This week's research spotlight is on Dr Ernst de Mooij, Lecturer in DCU School of Physical Sciences
You study planets that orbit stars outside our own solar system. How do you look at them?
“We know that there are billions of stars in our galaxy and until just over two decades ago, we didn’t know if there are planets around other stars. Over the past two decades we have found thousands of planets around other stars. We call these exoplanets, but they are not that easy to see. We can measure the mass of a planet based on its wobble and we can only measure the size of the planet if the orbit is aligned in such a way that the planet passes between its star and the Earth. If this is the case, then the planet blocks some of the light reaching us from the star, and by measuring this dip we can directly measure the size of the planet. We can also use the wobble and the frequency of the dips in light to work out how often the exoplanet goes around its star.”
What are you looking at in particular?
“I tend to work on exoplanets after they have been found, and I am interested in studying their atmospheres, if there is weather on these planets.”
How do you find out about that? “I use data from the Kepler spacecraft, which is out in space looking for exoplanets, and I use observations from telescopes on Earth, mainly telescopes in Hawaii, Chile and La Palma. One of the difficulties though of using ground-based telescopes is that you need to correct for the effects of the Earth’s atmosphere, which can distort the signals coming from space.”

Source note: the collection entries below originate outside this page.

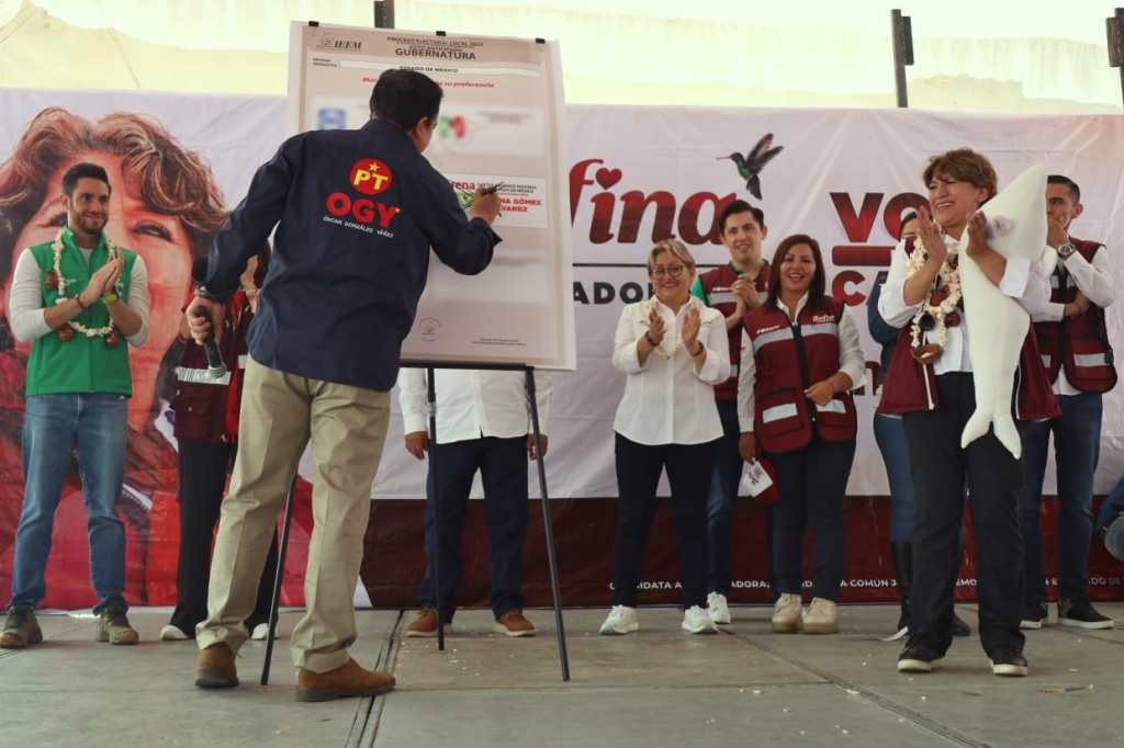 Marcando con una cruz el recuadro con el nombre de la maestra Delfina Gómez, quien encabeza la candidatura común “Juntos Hacemos Historia en el Estado de México”, Óscar González indicó que este 4 de junio “así se vota por la esperanza, la dignidad y la libertad del Estado de México.”, dijo.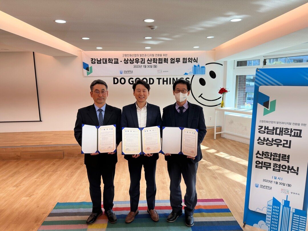 [대학저널 온종림 기자] 강남대학교는 지난달 30일 디지털 전환 고령친화 분야 전문인력 양성을 위해 경영 컨설팅 기업 상상우리와 업무협약을 체결했다고 3일 밝혔다.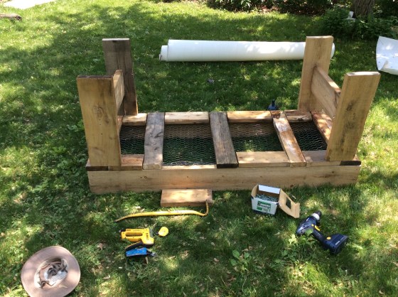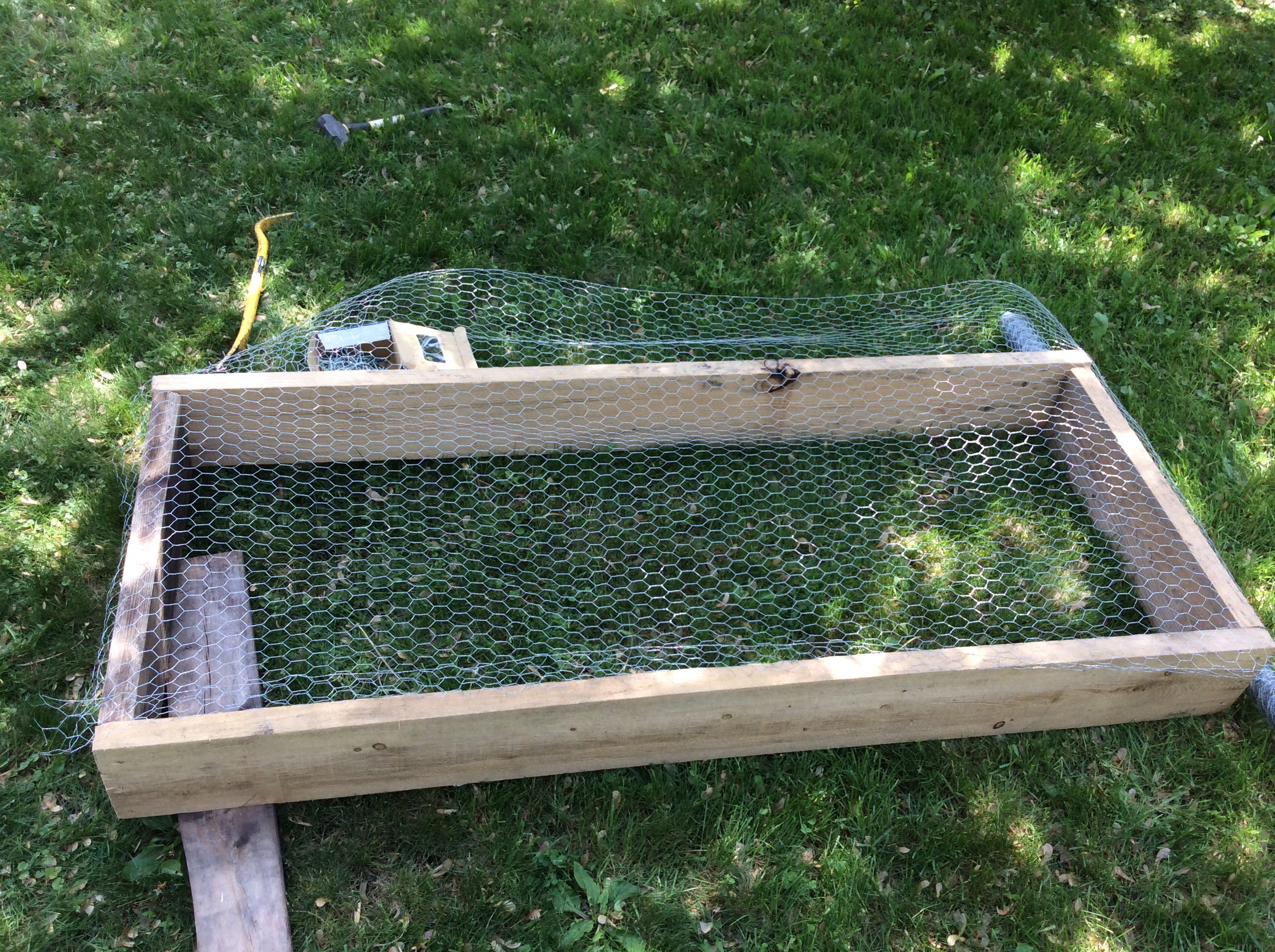 J’avais un restant de broche à poule (que j’ai utilisé pour bâtir une clôture autour de notre potager) alors je l’ai mis dans le fond pour solidifier la structure. Je l’ai brochée pour la tenir en place, en prenant soin de doubler les bords pour que ça soit plus solide.

What have you shown about exoplanet weather?
“We have been able to detect evidence for weather on HAT-P-7b, a giant gas exoplanet almost twice the mass of Jupiter that orbits a star more then a thousand light years away. Working with colleagues in the University of Warwick and the University of London and Queen’s University Belfast, we used the data from Kepler that had been recorded for this planet over four years, and we divided the data into smaller chunks so we were able to search for variability over short timeframes.
What we found was that the brightest point on the planet moved between its morning side, where clouds from the night-side would dominate, to the afternoon side, where the thermal hot-spot dominates.
These variations could be due to clouds that form on the night-side of the planet and evaporating on the much hotter morning-side. Due to changes in wind speed etc., there could be more or fewer clouds on the morning side, resulting in the observed variation.
This is the first direct evidence for weather on an exoplanet.”
How did you become interested in exoplanets?
“When I was a kid I wanted to become an astronaut but I went into astronomy instead! I studied at the University of Leiden and did a PhD there on exoplanet atmospheres. Since then I have been working in that area as a post-doctoral researcher in Toronto for three years and then in Queen’s, and I moved to DCU in October last year.”
What are you working on now?
“I am working on several other exoplanets, including one that we think might have large rings, much like Saturn does. Based on its orbit we expect to be able to detect any rings as it passes almost exactly between the Earth and its star later this year, and I am working on ways to optimise that detection.”
Do you think we might find life on other planets?
“We currently base our expectation on what signatures we might see from life on the one example we have, the Earth. This means that we may fail to recognise life if it is very different from what we expect.
The question whether there is life elsewhere in the universe, and by that I mean simple life (such as bacteria) is one of the key questions that we would like to answer. Trying to answer this question is one of the motivations for me to continue my study of exoplanet atmospheres and to develop new techniques that, with the next generations of telescopes, can answer that question.”